Since it is not read into 0, it is not related in any way.
Thereafter, the above operation is repeated in units of periods of the sampling clock signal, and the output terminal 6
0 or an updated calculation result can be obtained from the output terminal 45.

In the device of the present invention having such a configuration, the processor performs A/D conversion of the signal to be operated on, various calculation parameters given as analog signals, predetermined calculations, output to the D/A converter, and as needed. It is characterized by time-division control of the control signal (output command signal) output to the analog signal holding means, and an expensive A/D on the input side of the processor.
There is no need to provide a converter, and the overall configuration can be made simple and inexpensive. In addition, all the various calculation parameters are applied to the input side of the processor via comparators, and in order to receive the output signal from each comparator, one input end of processor 2 must be applied. Bye. Therefore, the limited number of input terminals of the processor can be effectively utilized. In other words, a large number of calculation parameters can be given to the processor, allowing it to perform complex calculations. Furthermore, since various calculation parameters can be set in an analog manner using variable resistors or the like, operability is good, and furthermore, calculation parameters are retained as they are even in the event of a power outage. Furthermore, since the calculation parameter setting circuit is configured with a plurality of variable resistors commonly connected to the DC power supply so as to form potentiometers, each analog signal indicating the calculation parameter obtained from each potentiometer can be can be set to the same level as the input analog signal within the range of the DC power supply size, and therefore each circuit for A/D conversion can be shared for each input signal. . Further, since the calculation parameter setting circuit can be configured as a common ground circuit using a common power source, this setting circuit can be easily configured.

FIGS. 6 and 7 are block diagrams showing other embodiments of the present invention.

The embodiment shown in FIG. 6 uses the operated signal e ₁ and various calculation parameter signals from the calculation parameter setting circuit
A multiplexer 10 that switches between e ₂ and _{e 5} is connected to a comparator 1.
The analog signal selected here is applied to one input terminal of the comparator 11, and the multiplexer 10 is controlled by the output control signal from the processor 20. It is. Further, on the input side of the processor 20, a terminal 16 is provided for applying, for example, an interrupt signal for appropriately changing the order of commands or calculation procedure from the calculation control section, or a digital signal for performing indexing by a program. be. The device configured in this manner has the advantage that only one comparator is required instead of the multiplexer 10, and is more effective when there are a large number of calculation parameters. Furthermore, by applying an interrupt signal to the terminal 16, for example, the calculation procedure, signal processing order, etc. within the processor 20 can be changed as appropriate.

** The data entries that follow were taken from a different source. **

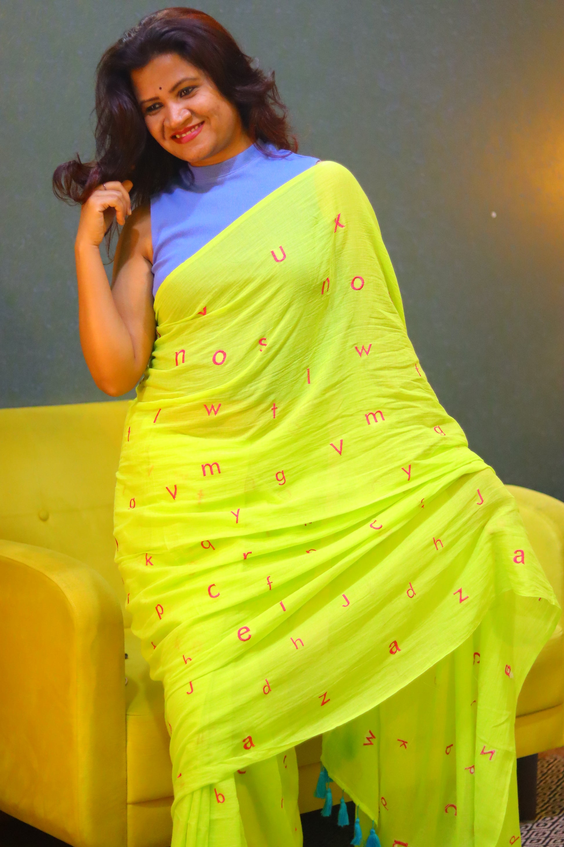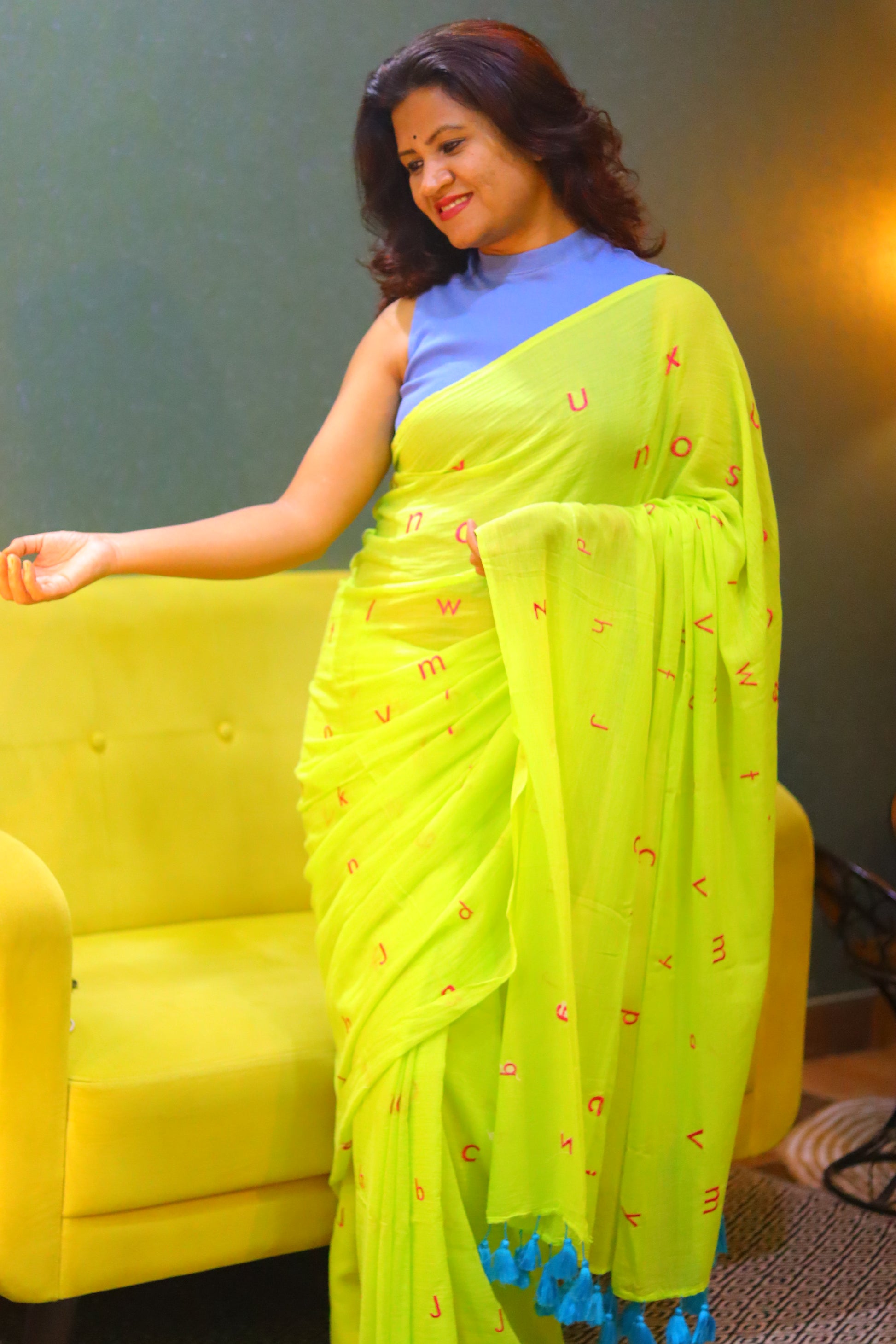 Lime yellow mul cotton saree with alphabets embroidered all over saree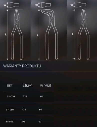 Cęgi dekarskie proste 180 NEO (nr ref. 31-070) o długości 275 mm i szerokości szczęk 60 mm. Wykonane z wysokiej jakości stali chromowo-molibdenowej o twardości na poziomie 28-32 HRc, co zapewnia długą żywotność narzędzia. Pokrycie rękojeści okładziną PCV uniemożliwia wyślizgiwanie się z rąk, co poprawia komfort pracy. Marka NEO spełnia oczekiwania profesjonalistów.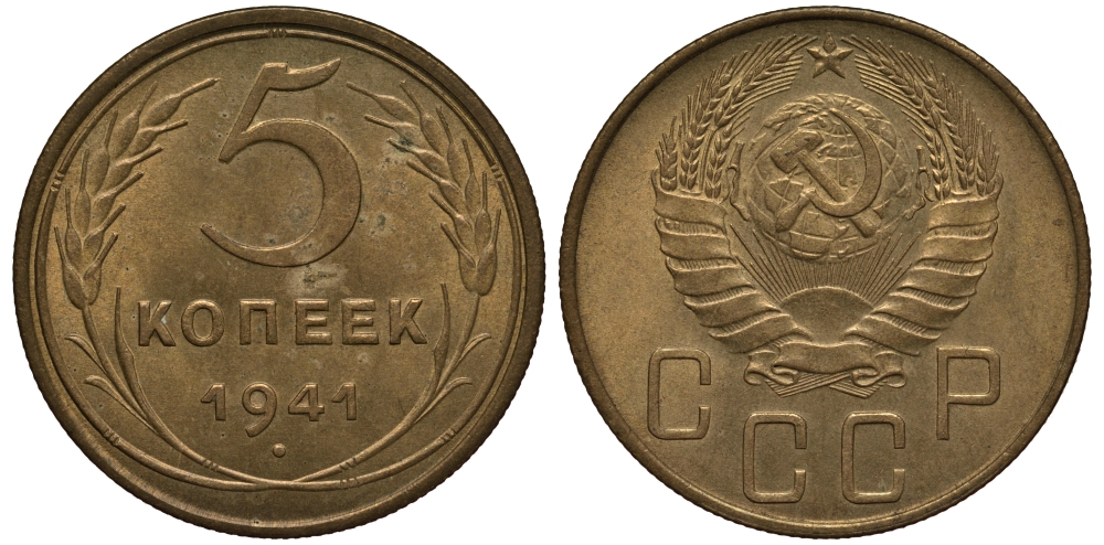---СССР 5 копеек 1941 KM 108 алюминиевая бронза UNC 00-802-27НовинкиАнтичность и раннее СредневековьеМонеты - ГерманияМонеты - ЕвропаМонеты - Австралия и ОкеанияМонеты - АзияМонеты - АмерикаМонеты - АфрикаМонеты - Россия, СССР, страны СНГ и БалтииБанкнотыАксессуары, ЛитератураОткрытки, карточкиАкции, облигацииЖетоны, Медали, ЗнакиМаркиКартины, декоративно-прикладное искусство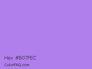 Hex #b07fec Color is a light violet color and the nearest color is Lavender #b57edc. Hex code #b07fec and RGB value is rgb(176,127,236). In RGB color space, this color is composed of 69% red, 50% green, 93% blue, In CMYK color space, this color is composed of 25% cyan, 46% magenta, 0% yellow , 7% black , In HSL color space, this color has a hue angle of 267° , 74% saturation and 71% lightness.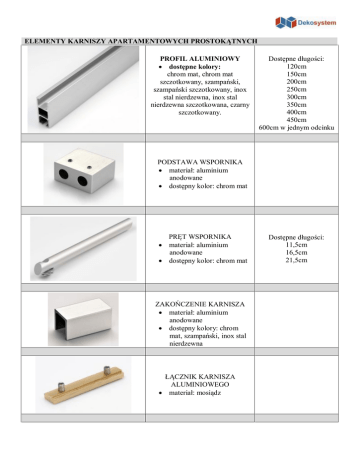 ELEMENTY KARNISZY APARTAMENTOWYCH PROSTOKĄTNYCH PROFIL ALUMINIOWY · dostępne kolory: chrom mat, chrom mat szczotkowany, szampański, szampański szczotkowany, inox stal nierdzewna, inox stal nierdzewna szczotkowana, czarny szczotkowany. Dostępne długości: 120cm 150cm 200cm 250cm 300cm 350cm 400cm 450cm 600cm w jednym odcinku PODSTAWA WSPORNIKA · materiał: aluminium anodowane · dostępny kolor: chrom mat PRĘT WSPORNIKA · materiał: aluminium anodowane · dostępny kolor: chrom mat ZAKOŃCZENIE KARNISZA · materiał: aluminium anodowane · dostępny kolory: chrom mat, szampański, inox stal nierdzewna ŁĄCZNIK KARNISZA ALUMINIOWEGO · materiał: mosiądz Dostępne długości: 11,5cm 16,5cm 21,5cm ELEMENTY KARNISZY APARTAMENTOWYCH PROSTOKĄTNYCH ŚRUBA Z NAKTĘTKĄ KWADRATOWĄ materiał stal ocynkowana WKRĘT DOCISKOWY M 4 x 4mm materiał: stal nierdzewna WKRĘT DOCISKOWY M 4 x 6mm materiał: stal nierdzewna WKRĘT DOCISKOWY M 4 x 10mm materiał: stal nierdzewna KLUCZ IMBUSOWY NOŚNIK SUFITOWY POJEDYNCZY materiał: aluminium anodowane w kolorze chrom mat NOŚNIK SUFITOWY PODWÓJNY materiał: aluminium anodowane w kolorze chrom mat HACZYK Z ROLKĄ materiał: tworzywo sztuczne ŻABKA OBROTOWA BEZBARWNA materiał: tworzywo sztuczne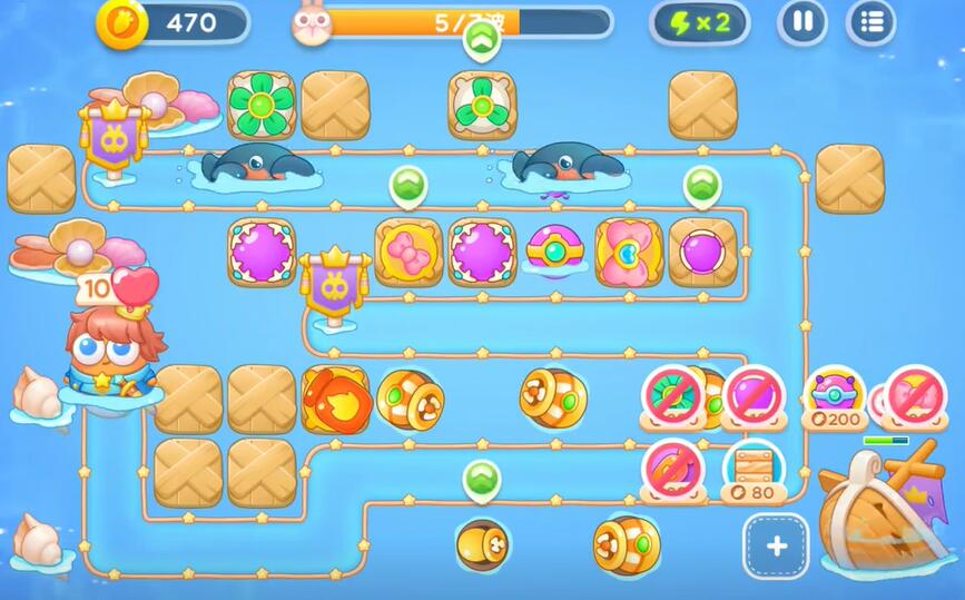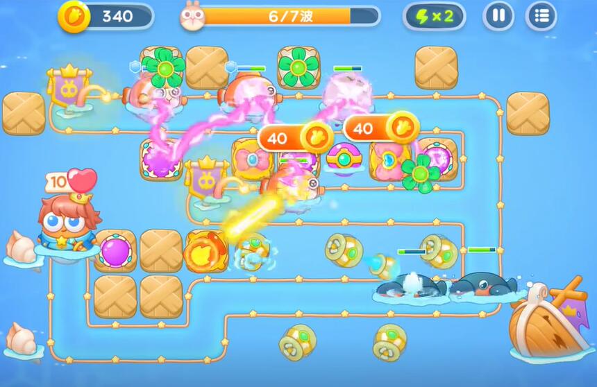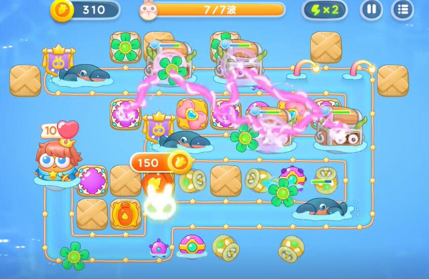 4、补充各种类型的输出防御塔,提升对兔子的伤害,比如蝴蝶结和电击塔。对各种那类型的怪物进行输出。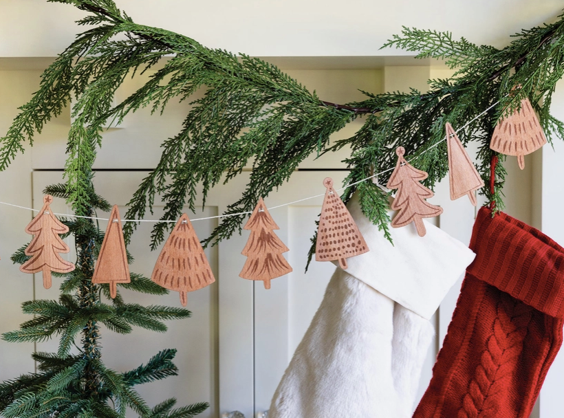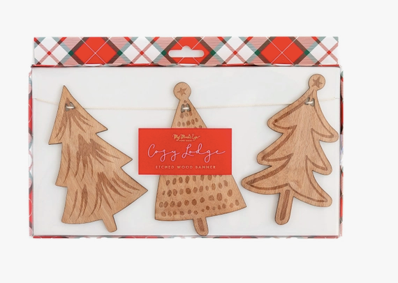 Turn your space in to a winter woodland this Christmas with this wood tree banner. Featuring five etched tree designs this wood banner will add a cozy and rustic feel to your Christmas decor this year. • made with real wood • laser edged design 2 each of 5 unique designs • approximately 5 inches tall x 3 inches wide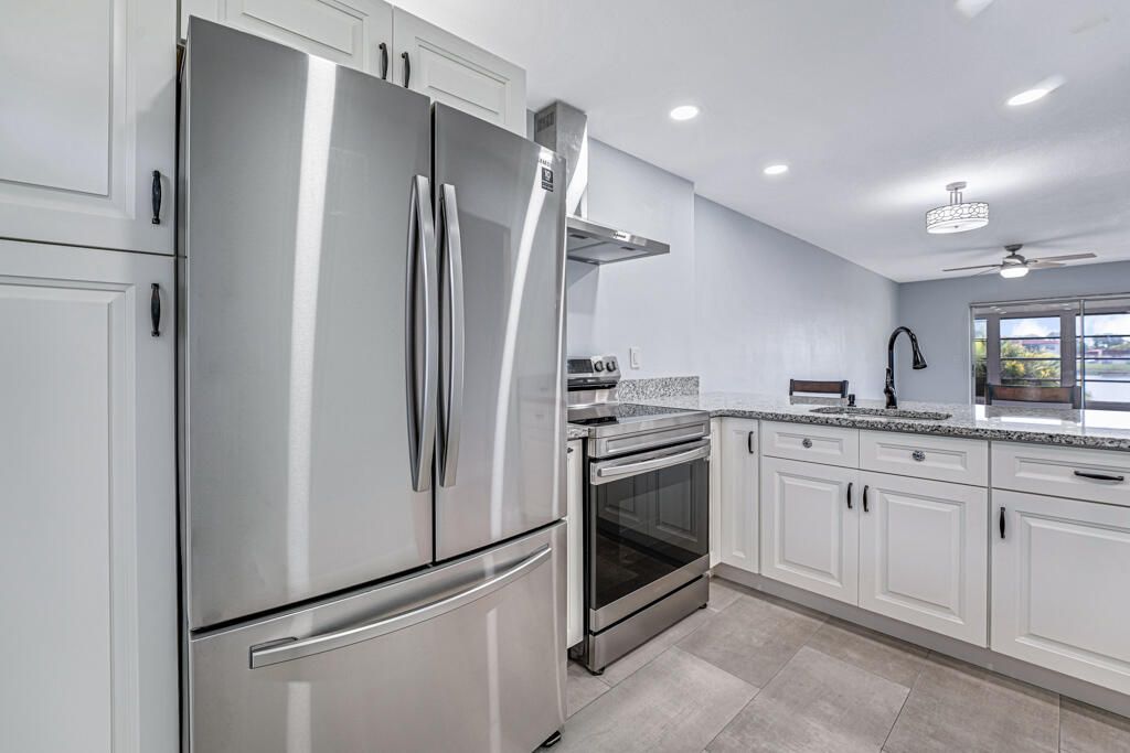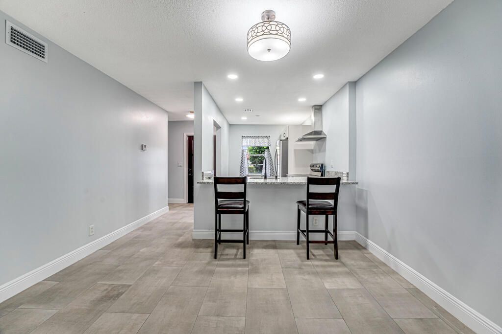 This beautifully renovated end-unit villa boasts modern upgrades throughout, including brand new appliances, custom kitchen cabinets, and luxurious granite countertops. New baseboards, doors (interior and exterior), and door hardware, along with matching shower sets, bathroom accessories, light fixtures, and cabinet pulls, create a cohesive and stylish design. The villa has been freshly painted, offering an elegant, contemporary feel in every room. Enjoy the convenience of a new full-size washer and dryer, as well as a master bedroom with an en-suite bath and a walk-in closet. The entire home features porcelain flooring, and the guest bathroom has been completely updated. The enclosed backyard porch showcases charming Mexican tile, adding character and warmth. A new 2024 2-ton A/C unit
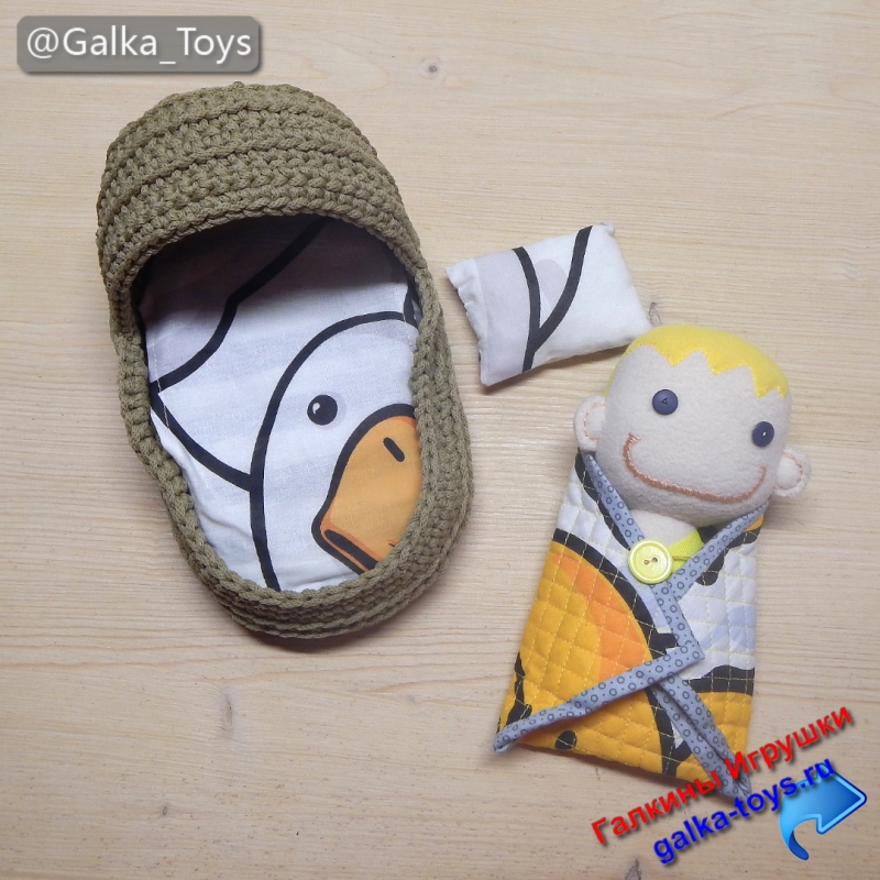 Теперь осталось только уложить малыша в люльку… И вот – кто-то уже сладко спит! Доброй ночи пупсик ?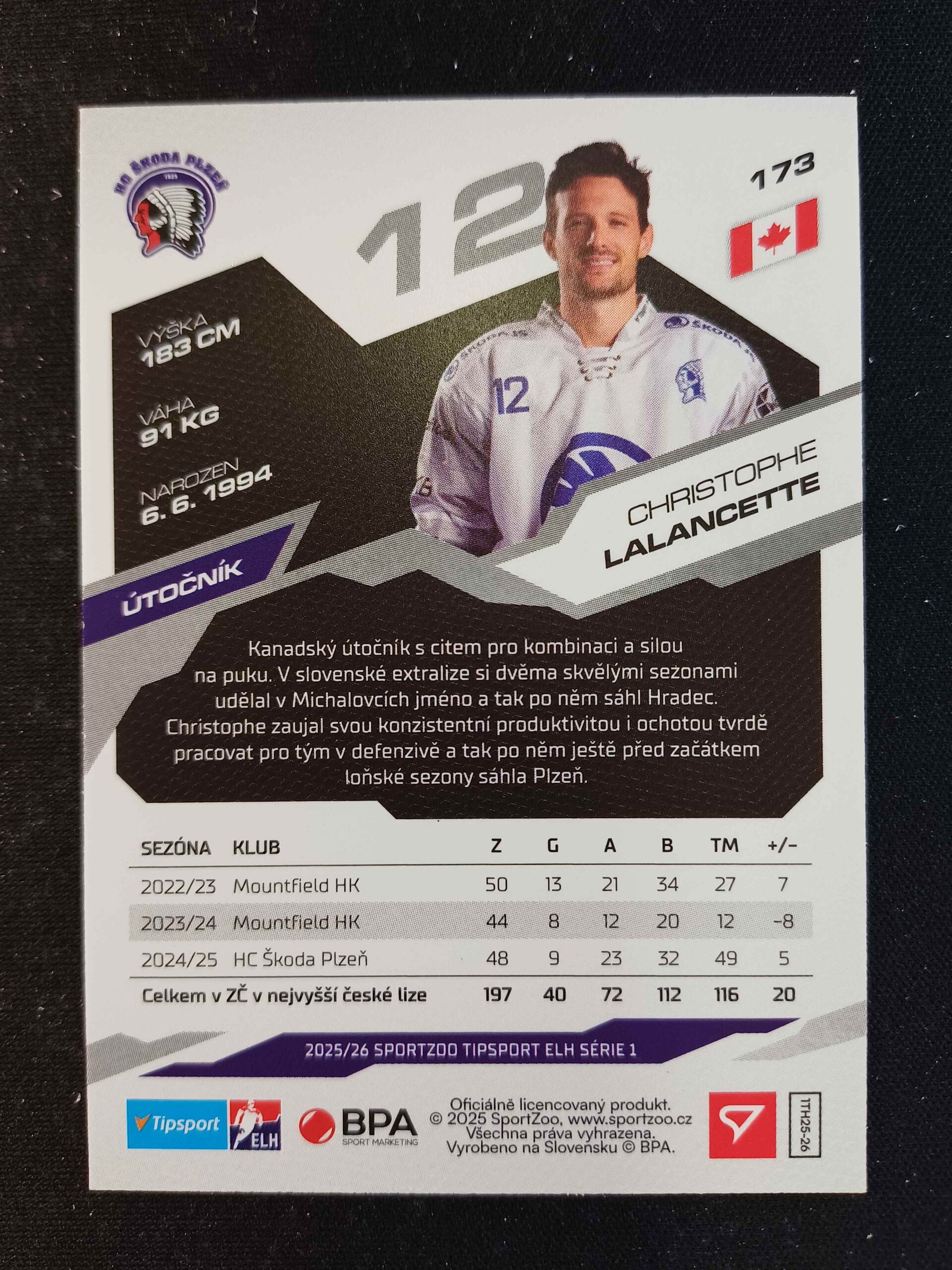 Sběratelská karta 2025/2026 Sportzoo Serie 1 Base 173 Christophe Lalancette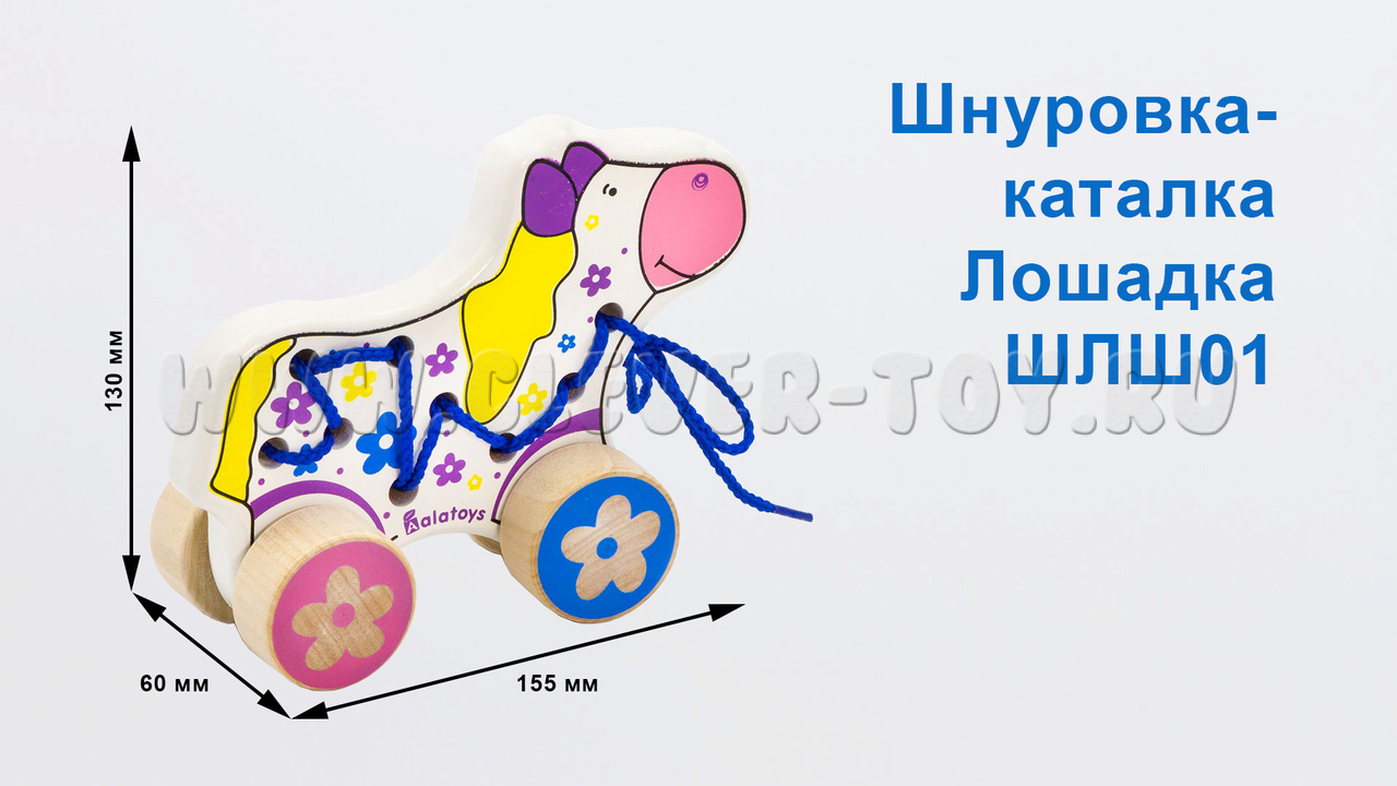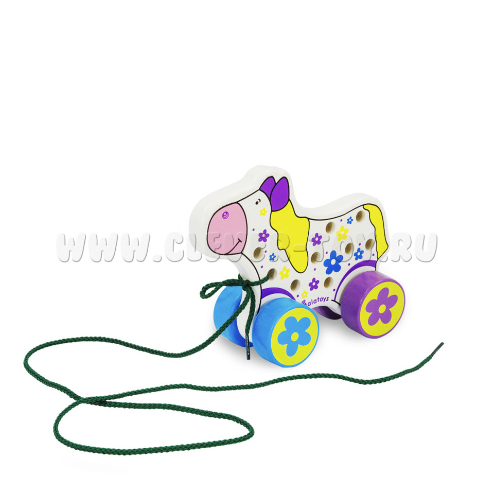Детская игрушка –каталка в форме милой лошадки отлично подойдет для девочек. "Лошадь" многофункциональна игрушка потому, что содержит вдобавок шнуровку для развития пальчиков. Огромную пользую она принесет детям, у которых трудности в речевом развитии, потому, что развивая моторику рук и пальцев, можно параллельно развивать участок коры головного мозга, отвечающий за формирование речи. Если правильно протянуть шнуровку между дырками, то можно сделать из лошадки – каталку. Таким образом, деревянная лошадка отличная развивающая игрушка для малышей.

In the embodiment shown in FIG. 7, a digital signal pulse width signal converter 30, which is a type of D/A converter, is provided on the output side of the processor 20 to convert the digital signal into a pulse width signal, and converts the digital signal into a pulse width signal, such as a photocoupler. The voltage is commonly applied to the other input terminals of the comparators 11 to 13 through an isolation means 31 and a smoothing circuit 32 such as the above. Furthermore, the outputs of the comparators 11 to 13 are sent to the processor 2 via isolation means 33 to 35.
0 and the output of the digital signal pulse width signal converter 30 to the isolation means 36.
The signal is supplied to the analog signal holding means 40 via the analog signal holding means 40. Further, the digital output from the processor 20 is outputted to the digital device 62 via the isolation means 37. In addition, here, two types of operand signals e ₁ ,
e ₂ as input, these are comparators 11 and 1
The signals e ₃ to e ₆ from the calculation parameter setting circuit 50 are applied to one input terminal of the multiplexer 1.
0 is selected and applied to one input terminal of the comparator 13. Note that the multiplexer 10 receives the output control signal from the processor 20,
It is provided via isolation means 38 and is controlled thereby. The apparatus of this embodiment has the advantage that the input side and the output side can be easily insulated. Further, it is possible to perform calculations in which the two types of operated signals e ₁ and e ₂ are related to each other. Note that in this embodiment, the operated signal
e ₁ and e ₂ may be applied to the multiplexer 10 and selected here, or the multiplexer 1
0 may be omitted and each signal may be applied to the processor 20 via a comparator. Further, the number of signals to be operated on may be two or more.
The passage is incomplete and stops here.